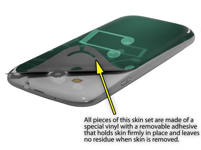 • Decal style vinyl skin covers front and back of Samsung Galaxy S III S3 phone.
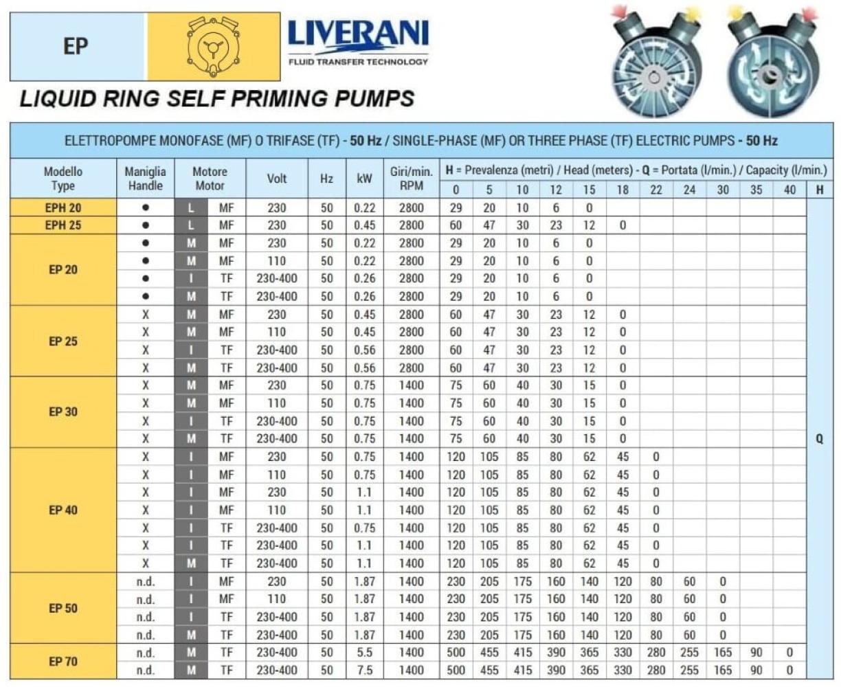 Жидкостные кольцевые насосы, реверсивные, пригодны для перекачки чистых жидкостей без твердых частиц с максимальной вязкостью 100 сП. Насосы доступны как из нержавеющей стали AISI 316, так и из бронзы. В зависимости от материала изготовления насосы находят широкое применение в различных отраслях: виноделии и пищевой промышленности (вино, сусло, уксус, масло, фруктовые соки, пиво, сиропы и рассол), молочной промышленности (молоко, сыворотка и т.п.), химическая промышленность (кислоты, растворители, фотографические жидкости, средства для (антикриптогамные средства, жидкие удобрения, газойль и т.п.), судоходство (морская вода, пресная вода, газойль и т.п.).
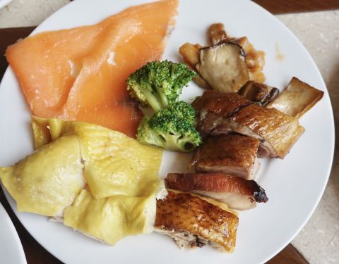很久之前来过,对香荟还不是很感冒,但最近来的一次确实改观不少啊,可以说是非常满意了。 提前预约了窗边的位置,视野还是挺不错的。遇上生蚝美食节更是幸运。【新西兰莫纳生蚝】【法国罗曼第黄金生蚝】【吉纳多生蚝】【马德拉生蚝】四种不同的现开生蚝随便吃。自助餐小王子吃了十多只,说简直太喜欢了。我也吃了一只吉拉多,果然很新鲜嫩滑,带点海水的咸味,只挤点柠檬汁就非常棒了!曾经吃过某餐厅这个要卖58一只呢。 甜品,最喜欢【芝士蛋糕】和【丽思卡尔顿蛋糕】芝士细腻软滑入口即化,以酒店名命名的蛋糕肯定也是招牌了。这个就是巧克力蛋糕,非常浓郁,还带点微苦,绝对是我喜欢的类型。还有【拿破仑】做得非常好,其中还有坚果,酥脆可口,卡仕达酱甜而不腻。 【热菜】种类不算多,但是尝的几种味道都还不错。羊排推荐一下,比牛排好吃,超软嫩,而且咸淡适中,基本没有膻味。煎三文鱼搭配芥末酱实在是经典,也是灰灰王子推荐的吃法。 【海鲜类】还比较丰富,有直接吃的,基围虾,雪蟹腿,青口之类的,也有辣炒花甲,蛏子,鲍鱼,都是现做,个头都很大。 【刺身】就稍显逊色。只吃了一个小拼盘就没有再拿了。 一人一份的【位菜】也是丰富,半只龙虾,一只扇贝,一只鲍鱼拼的,扇贝是蒜蓉,鲍鱼感觉还有点黄油焗的感觉。龙虾肉质很Q嫩弹牙。搭配了一杯特饮,又美又好喝! 【烧味】要单独拿出来说一下,不管是烧鸭,叉烧,豉油鸡,都很好,可以说是单卖的那种粤菜出品。【海南鸡饭】水准更高,三种蘸酱非常正宗,鸡肉非常滑嫩,米饭也是椰浆饭,太好吃了! 最后【冰淇淋】依然是他家自制冰淇淋,虽然没有吃到传说中的普洱茶冰淇淋,但是巧克力冰淇淋也是征服了我。就像在吃纯巧克力一样的浓郁。 服务也比上次好太多啦,不只是服务员,就是档口里的大厨们都面带微笑的打招呼。
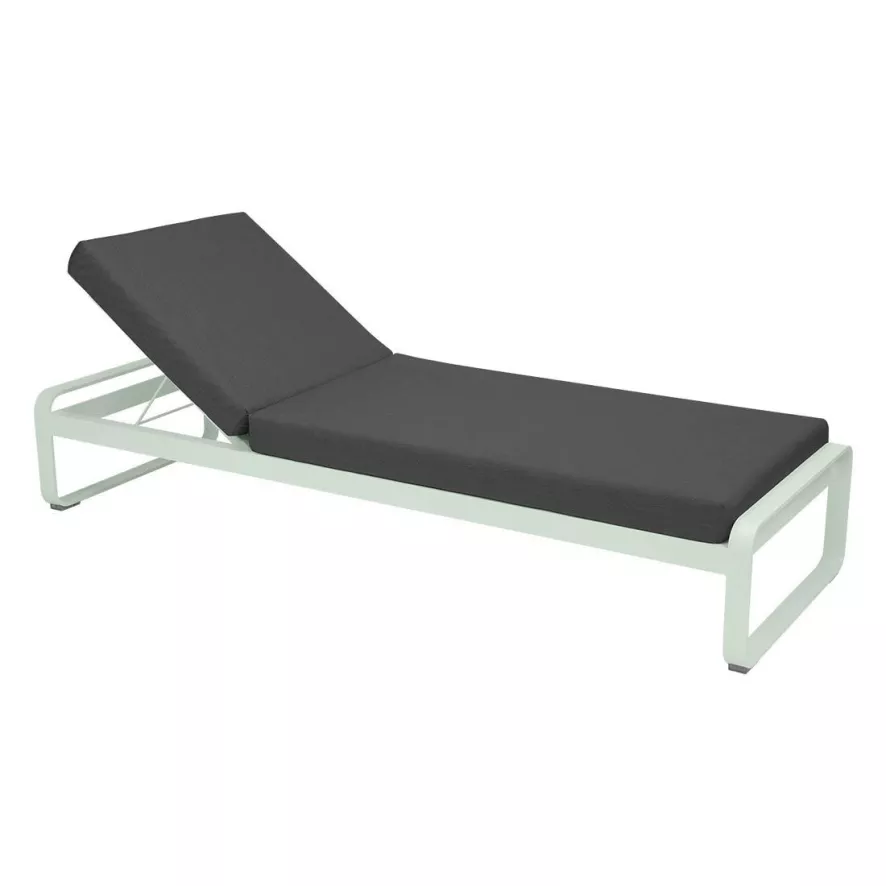 Het Bellevie ligbed kussen antraciet van Fermob is ontworpen door Pagnon en Pelhaître. Het ligbed heeft en lengte van 200 centimeter, een breedte van 74,5 centimeter en een hoogte van 38,5 centimeter tot 74,5 centimeter (de rugleuning is in hoogte verstelbaar). De lighoogte bedraagt 38,5 centimeter. Het ligbed frame is gemaakt van aluminium, afgewerkt met een poedercoating en het kussen is bekleed met een Sunbrella stof. Deze is waterafstotend, uv-bestendig en anti-vlek en -schimmel. Daarnaast droogt het kussen snel en is hij resistent tegen scheuren. Je kan de kussenhoes reinigen op een dertig graden was in de wasmachine. Je vindt het ligbed in verschillende kleuren.
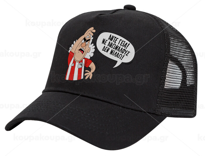 Τάκης, Άντε γεια, με ανώμαλους δεν μιλάω!, Καπέλο Trucker με Δίχτυ, Μαύρο, (ΒΑΜΒΑΚΕΡΟ, ΠΑΙΔΙΚΟ, UNISEX, ONE SIZE)
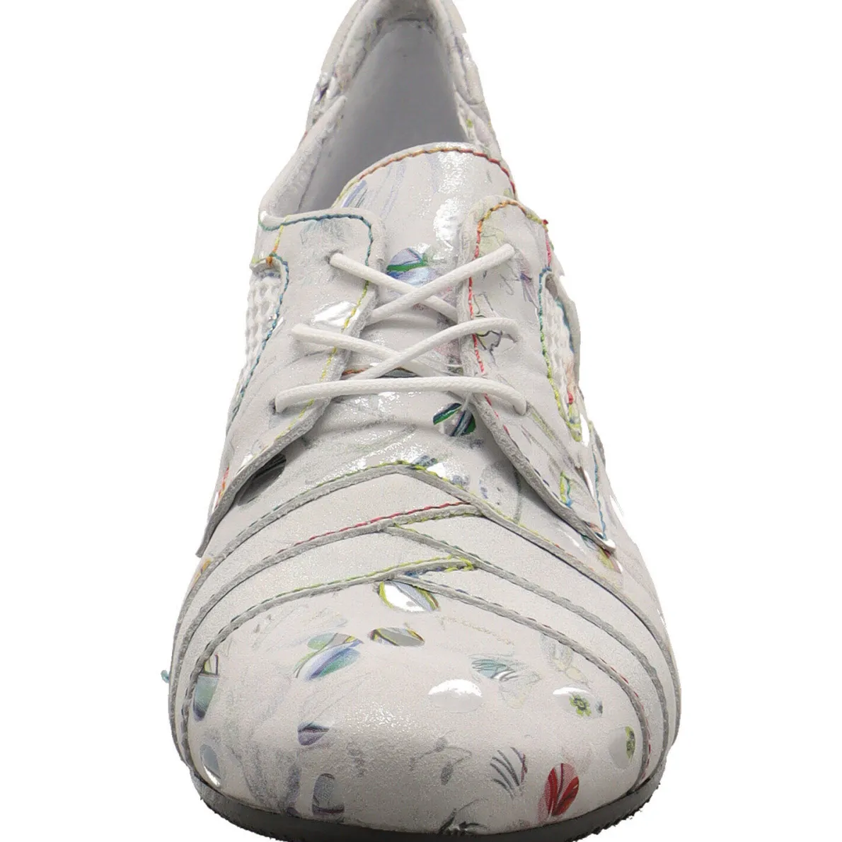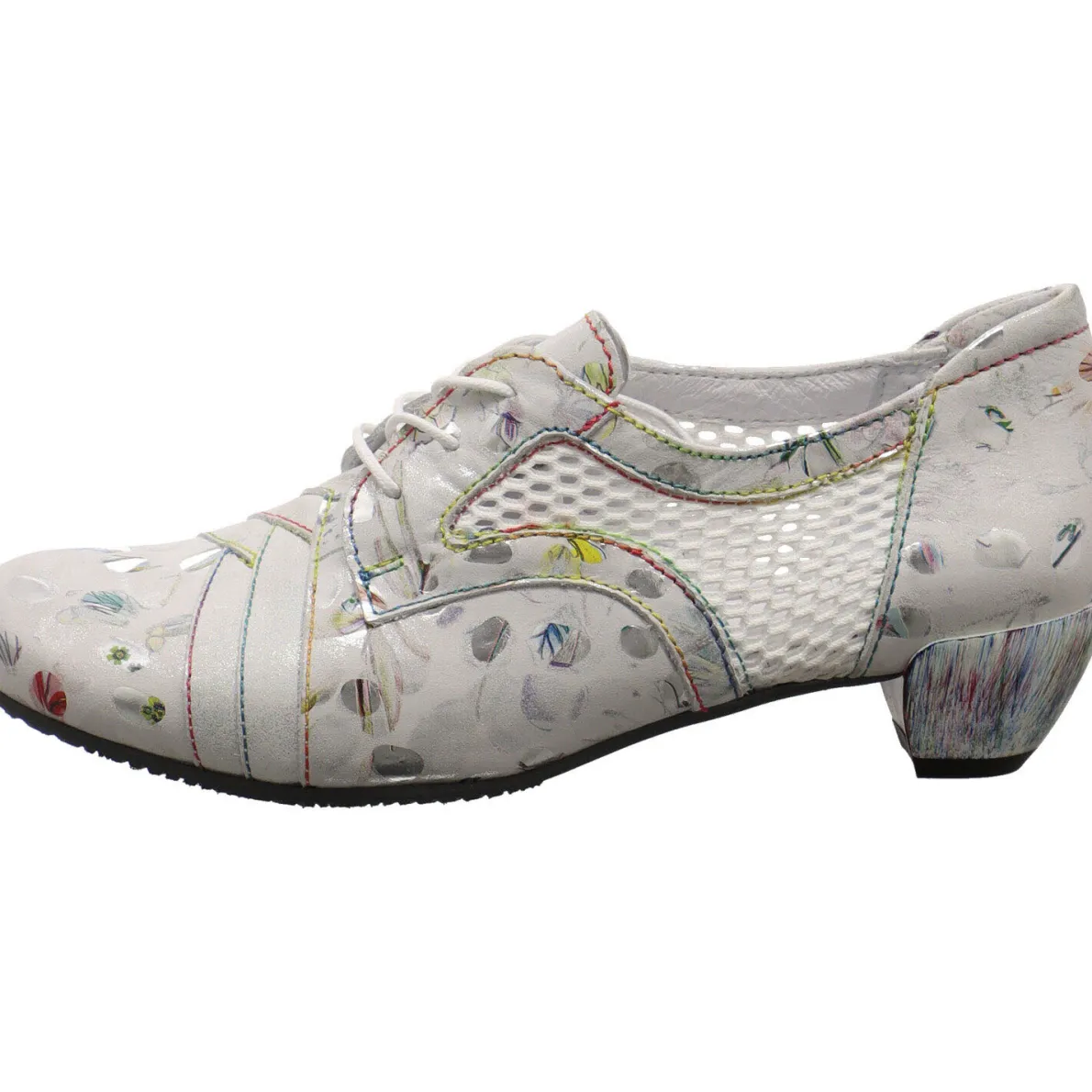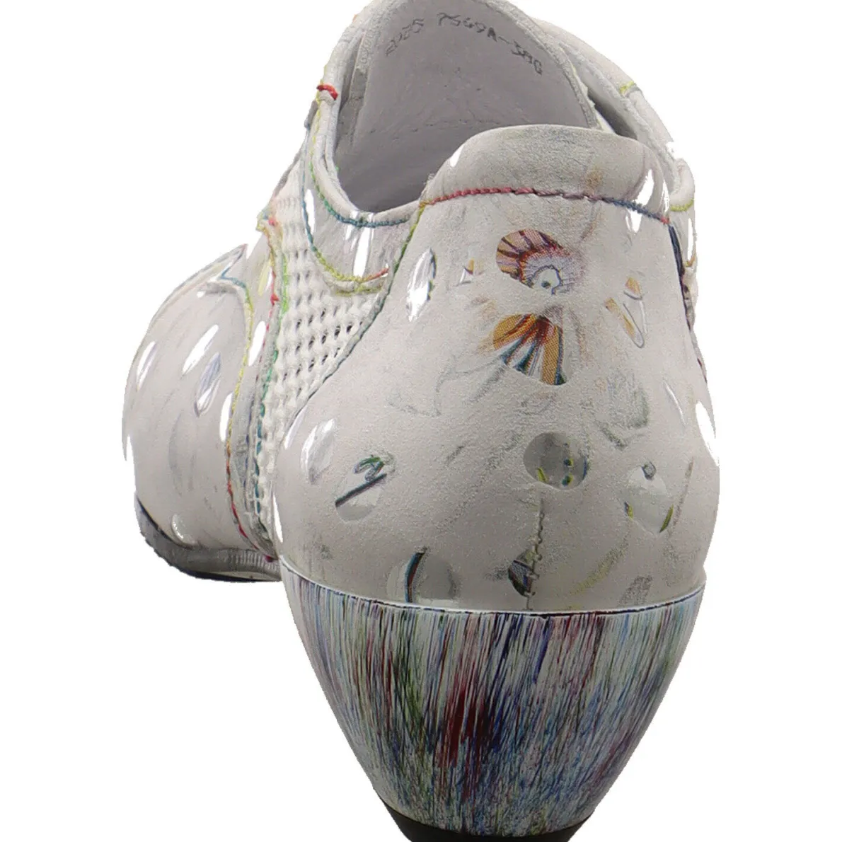 Er wurde aus edlem, weichen Echtleder in Grau gearbeitet und ist mit einem individuellen Print versehen, der im Licht toll Bunt schimmert. Ein Textil Einsatz an den Seiten ist wie ein Netz eingearbeitet und sorgt auch an warmen Tagen für ein angenehmes Gefühl beim tragen. Der bequeme Trichterabsatz ist mit Bunt und passt super zum Design des Pumps. Mit der Schnürung kommt du leicht in den Schuh und kannst ihn individuell auf deine Bedürfnisse anpassen.
==========
■ Your task
Above, find the line with "Het Bellevie ligbed"; copy it and every line down to the line with "Τάκης, Άντε γεια, με", exactly and both included, but no pictures.

■ Answer to the exercise
 Het Bellevie ligbed kussen antraciet van Fermob is ontworpen door Pagnon en Pelhaître. Het ligbed heeft en lengte van 200 centimeter, een breedte van 74,5 centimeter en een hoogte van 38,5 centimeter tot 74,5 centimeter (de rugleuning is in hoogte verstelbaar). De lighoogte bedraagt 38,5 centimeter. Het ligbed frame is gemaakt van aluminium, afgewerkt met een poedercoating en het kussen is bekleed met een Sunbrella stof. Deze is waterafstotend, uv-bestendig en anti-vlek en -schimmel. Daarnaast droogt het kussen snel en is hij resistent tegen scheuren. Je kan de kussenhoes reinigen op een dertig graden was in de wasmachine. Je vindt het ligbed in verschillende kleuren.
 Τάκης, Άντε γεια, με ανώμαλους δεν μιλάω!, Καπέλο Trucker με Δίχτυ, Μαύρο, (ΒΑΜΒΑΚΕΡΟ, ΠΑΙΔΙΚΟ, UNISEX, ONE SIZE)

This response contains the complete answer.